Whenever a line of the data below holds the string "have", copy that line.

# Exercise data
....................

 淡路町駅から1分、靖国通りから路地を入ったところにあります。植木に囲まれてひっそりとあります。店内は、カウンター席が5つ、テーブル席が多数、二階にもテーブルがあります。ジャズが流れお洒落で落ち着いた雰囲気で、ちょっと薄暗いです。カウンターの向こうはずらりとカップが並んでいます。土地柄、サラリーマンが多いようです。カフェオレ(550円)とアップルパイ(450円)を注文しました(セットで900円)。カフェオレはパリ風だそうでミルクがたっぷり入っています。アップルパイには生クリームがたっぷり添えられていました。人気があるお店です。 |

....................

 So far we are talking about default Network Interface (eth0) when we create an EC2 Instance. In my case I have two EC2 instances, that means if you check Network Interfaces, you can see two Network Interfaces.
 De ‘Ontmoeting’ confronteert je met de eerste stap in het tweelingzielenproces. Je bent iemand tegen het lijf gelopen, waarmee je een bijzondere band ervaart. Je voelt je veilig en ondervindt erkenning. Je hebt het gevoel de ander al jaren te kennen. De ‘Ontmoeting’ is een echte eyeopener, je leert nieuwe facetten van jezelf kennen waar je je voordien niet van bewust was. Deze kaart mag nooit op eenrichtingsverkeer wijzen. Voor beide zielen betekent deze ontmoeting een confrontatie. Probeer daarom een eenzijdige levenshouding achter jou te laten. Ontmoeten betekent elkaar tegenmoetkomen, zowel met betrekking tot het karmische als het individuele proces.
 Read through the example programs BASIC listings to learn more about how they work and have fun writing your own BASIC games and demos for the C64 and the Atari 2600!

....................

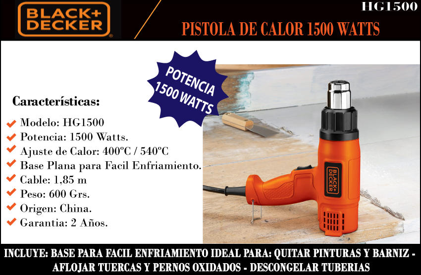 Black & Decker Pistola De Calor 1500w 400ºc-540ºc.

....................

# Written solution
 So far we are talking about default Network Interface (eth0) when we create an EC2 Instance. In my case I have two EC2 instances, that means if you check Network Interfaces, you can see two Network Interfaces.
 Read through the example programs BASIC listings to learn more about how they work and have fun writing your own BASIC games and demos for the C64 and the Atari 2600!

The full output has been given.